Give back exactly the lines of the material below, starting with the line with "Symptoms and signs" and going on through the line with "Модные женские сандалии-клинья".

#### EXCERPTED RECORDS

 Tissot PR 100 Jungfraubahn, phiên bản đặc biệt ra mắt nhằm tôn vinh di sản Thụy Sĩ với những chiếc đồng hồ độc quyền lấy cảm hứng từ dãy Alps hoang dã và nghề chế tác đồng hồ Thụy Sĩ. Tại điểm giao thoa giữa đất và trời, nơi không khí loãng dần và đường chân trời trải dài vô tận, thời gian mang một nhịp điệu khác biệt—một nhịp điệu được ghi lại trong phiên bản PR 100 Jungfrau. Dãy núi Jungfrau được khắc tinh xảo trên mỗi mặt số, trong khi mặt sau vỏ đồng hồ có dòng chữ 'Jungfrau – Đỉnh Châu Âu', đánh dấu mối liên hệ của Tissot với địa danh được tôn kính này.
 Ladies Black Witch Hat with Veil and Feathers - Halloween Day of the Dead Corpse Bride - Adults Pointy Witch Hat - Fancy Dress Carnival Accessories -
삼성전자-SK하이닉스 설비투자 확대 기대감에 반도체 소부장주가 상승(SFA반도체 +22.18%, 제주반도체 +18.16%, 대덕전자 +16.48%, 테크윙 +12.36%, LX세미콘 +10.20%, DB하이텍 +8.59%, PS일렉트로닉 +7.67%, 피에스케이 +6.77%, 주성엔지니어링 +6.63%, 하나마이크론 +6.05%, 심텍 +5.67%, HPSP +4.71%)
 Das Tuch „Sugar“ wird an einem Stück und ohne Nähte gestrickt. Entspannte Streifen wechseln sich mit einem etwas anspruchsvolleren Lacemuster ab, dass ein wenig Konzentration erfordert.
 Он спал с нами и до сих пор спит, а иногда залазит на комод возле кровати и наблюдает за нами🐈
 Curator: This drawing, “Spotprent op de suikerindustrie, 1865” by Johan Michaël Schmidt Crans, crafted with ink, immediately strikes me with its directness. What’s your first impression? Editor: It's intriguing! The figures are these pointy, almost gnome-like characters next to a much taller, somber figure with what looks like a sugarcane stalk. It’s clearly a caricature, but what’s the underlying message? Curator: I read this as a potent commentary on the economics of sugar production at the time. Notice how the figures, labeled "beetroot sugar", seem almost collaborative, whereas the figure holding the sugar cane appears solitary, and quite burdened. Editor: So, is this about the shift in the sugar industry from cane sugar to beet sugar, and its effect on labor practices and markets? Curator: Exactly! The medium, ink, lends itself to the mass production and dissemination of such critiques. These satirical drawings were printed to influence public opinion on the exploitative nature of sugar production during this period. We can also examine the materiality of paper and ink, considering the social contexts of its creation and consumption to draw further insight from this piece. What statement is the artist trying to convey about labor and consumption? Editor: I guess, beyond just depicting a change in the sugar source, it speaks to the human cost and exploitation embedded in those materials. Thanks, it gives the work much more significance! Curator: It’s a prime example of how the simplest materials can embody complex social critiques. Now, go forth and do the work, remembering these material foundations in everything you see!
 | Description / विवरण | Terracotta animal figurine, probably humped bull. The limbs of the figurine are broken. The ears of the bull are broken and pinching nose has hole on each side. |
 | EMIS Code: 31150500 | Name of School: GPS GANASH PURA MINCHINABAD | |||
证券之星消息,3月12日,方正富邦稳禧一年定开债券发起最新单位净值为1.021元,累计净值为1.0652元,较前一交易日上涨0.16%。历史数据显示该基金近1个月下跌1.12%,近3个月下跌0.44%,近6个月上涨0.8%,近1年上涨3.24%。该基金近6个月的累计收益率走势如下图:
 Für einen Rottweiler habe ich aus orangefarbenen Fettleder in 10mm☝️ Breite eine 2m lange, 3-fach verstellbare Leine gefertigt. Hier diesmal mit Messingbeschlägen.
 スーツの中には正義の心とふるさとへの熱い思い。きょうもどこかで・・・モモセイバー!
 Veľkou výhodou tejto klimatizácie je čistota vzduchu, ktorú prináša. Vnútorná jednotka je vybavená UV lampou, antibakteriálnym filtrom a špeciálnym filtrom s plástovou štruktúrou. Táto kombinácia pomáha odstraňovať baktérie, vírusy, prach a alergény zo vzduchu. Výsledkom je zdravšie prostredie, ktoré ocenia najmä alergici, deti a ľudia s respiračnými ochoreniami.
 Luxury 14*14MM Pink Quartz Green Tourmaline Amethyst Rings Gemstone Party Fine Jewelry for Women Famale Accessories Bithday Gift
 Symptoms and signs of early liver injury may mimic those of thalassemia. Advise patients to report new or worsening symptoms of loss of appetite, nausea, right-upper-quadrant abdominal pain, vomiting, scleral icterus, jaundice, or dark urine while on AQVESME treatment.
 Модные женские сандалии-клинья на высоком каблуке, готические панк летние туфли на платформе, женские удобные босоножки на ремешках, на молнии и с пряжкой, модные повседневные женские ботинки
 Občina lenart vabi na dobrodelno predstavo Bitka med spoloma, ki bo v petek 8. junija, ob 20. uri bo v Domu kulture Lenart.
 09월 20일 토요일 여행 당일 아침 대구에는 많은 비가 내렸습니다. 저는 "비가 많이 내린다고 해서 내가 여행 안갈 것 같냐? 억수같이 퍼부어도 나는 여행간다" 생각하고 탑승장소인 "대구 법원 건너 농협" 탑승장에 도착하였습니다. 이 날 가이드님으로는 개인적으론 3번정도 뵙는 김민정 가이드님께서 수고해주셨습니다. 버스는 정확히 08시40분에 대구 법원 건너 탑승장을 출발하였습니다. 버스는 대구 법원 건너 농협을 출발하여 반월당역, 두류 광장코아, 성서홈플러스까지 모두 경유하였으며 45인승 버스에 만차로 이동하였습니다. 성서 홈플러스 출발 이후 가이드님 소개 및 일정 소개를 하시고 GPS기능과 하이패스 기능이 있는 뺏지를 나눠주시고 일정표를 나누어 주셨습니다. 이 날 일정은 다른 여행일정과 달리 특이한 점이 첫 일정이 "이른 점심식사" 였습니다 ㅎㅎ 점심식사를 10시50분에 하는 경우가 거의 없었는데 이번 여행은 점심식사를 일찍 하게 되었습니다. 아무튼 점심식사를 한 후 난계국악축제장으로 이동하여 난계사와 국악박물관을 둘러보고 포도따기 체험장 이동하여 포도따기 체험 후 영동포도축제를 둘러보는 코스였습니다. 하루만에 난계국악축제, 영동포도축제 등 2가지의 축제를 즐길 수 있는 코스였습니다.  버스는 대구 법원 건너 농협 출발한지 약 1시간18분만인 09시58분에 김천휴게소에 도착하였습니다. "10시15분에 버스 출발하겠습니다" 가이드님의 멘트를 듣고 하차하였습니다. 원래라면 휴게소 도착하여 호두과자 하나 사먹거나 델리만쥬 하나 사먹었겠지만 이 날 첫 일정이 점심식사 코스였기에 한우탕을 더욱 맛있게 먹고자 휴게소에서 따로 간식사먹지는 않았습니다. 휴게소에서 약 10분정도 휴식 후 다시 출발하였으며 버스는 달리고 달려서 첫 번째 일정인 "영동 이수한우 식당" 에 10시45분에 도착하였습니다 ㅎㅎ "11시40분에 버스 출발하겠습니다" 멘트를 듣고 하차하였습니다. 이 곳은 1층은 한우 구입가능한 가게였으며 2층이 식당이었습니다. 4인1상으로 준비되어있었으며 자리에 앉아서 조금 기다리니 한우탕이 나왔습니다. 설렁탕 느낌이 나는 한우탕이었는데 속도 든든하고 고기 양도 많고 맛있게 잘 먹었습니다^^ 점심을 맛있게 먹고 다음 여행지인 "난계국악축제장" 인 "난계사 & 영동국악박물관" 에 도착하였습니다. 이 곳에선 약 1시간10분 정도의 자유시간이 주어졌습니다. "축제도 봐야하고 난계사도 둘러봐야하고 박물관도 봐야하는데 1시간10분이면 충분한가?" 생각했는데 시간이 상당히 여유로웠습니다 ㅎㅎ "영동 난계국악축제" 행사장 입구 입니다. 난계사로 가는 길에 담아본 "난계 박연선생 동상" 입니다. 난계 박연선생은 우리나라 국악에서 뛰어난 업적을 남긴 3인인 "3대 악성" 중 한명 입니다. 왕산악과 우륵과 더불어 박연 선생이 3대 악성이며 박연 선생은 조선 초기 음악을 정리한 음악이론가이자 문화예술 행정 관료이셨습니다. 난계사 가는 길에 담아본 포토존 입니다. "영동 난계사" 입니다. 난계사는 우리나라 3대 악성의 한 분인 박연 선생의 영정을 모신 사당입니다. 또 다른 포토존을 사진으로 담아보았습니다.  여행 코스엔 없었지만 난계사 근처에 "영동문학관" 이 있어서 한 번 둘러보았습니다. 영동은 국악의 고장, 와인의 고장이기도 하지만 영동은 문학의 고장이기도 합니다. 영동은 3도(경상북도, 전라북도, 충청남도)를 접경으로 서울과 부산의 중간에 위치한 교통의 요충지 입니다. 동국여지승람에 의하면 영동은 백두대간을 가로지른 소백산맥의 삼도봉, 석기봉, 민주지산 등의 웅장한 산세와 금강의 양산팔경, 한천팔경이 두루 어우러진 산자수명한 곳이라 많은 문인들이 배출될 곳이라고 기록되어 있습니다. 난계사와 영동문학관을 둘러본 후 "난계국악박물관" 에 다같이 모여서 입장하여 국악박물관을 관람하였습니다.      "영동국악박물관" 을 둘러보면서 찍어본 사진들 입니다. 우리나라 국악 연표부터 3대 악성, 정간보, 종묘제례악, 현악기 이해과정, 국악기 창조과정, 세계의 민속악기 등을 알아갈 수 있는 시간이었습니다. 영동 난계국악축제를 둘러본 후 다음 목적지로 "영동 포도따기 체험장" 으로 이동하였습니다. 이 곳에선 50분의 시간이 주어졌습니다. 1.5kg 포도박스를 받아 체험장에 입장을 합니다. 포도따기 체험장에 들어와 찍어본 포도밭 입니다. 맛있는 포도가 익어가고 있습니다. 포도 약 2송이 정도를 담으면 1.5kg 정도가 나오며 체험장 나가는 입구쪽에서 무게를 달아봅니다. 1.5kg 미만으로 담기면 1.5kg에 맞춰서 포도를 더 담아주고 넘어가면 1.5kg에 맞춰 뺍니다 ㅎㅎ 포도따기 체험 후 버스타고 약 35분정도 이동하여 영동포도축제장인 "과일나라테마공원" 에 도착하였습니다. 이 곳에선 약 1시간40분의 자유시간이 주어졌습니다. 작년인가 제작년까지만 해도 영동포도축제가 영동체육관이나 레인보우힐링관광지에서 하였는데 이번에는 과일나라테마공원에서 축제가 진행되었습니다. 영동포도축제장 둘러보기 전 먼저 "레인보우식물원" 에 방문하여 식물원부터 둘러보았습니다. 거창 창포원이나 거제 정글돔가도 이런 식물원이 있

########

**YOUR RESPONSE:**
 Symptoms and signs of early liver injury may mimic those of thalassemia. Advise patients to report new or worsening symptoms of loss of appetite, nausea, right-upper-quadrant abdominal pain, vomiting, scleral icterus, jaundice, or dark urine while on AQVESME treatment.
 Модные женские сандалии-клинья на высоком каблуке, готические панк летние туфли на платформе, женские удобные босоножки на ремешках, на молнии и с пряжкой, модные повседневные женские ботинки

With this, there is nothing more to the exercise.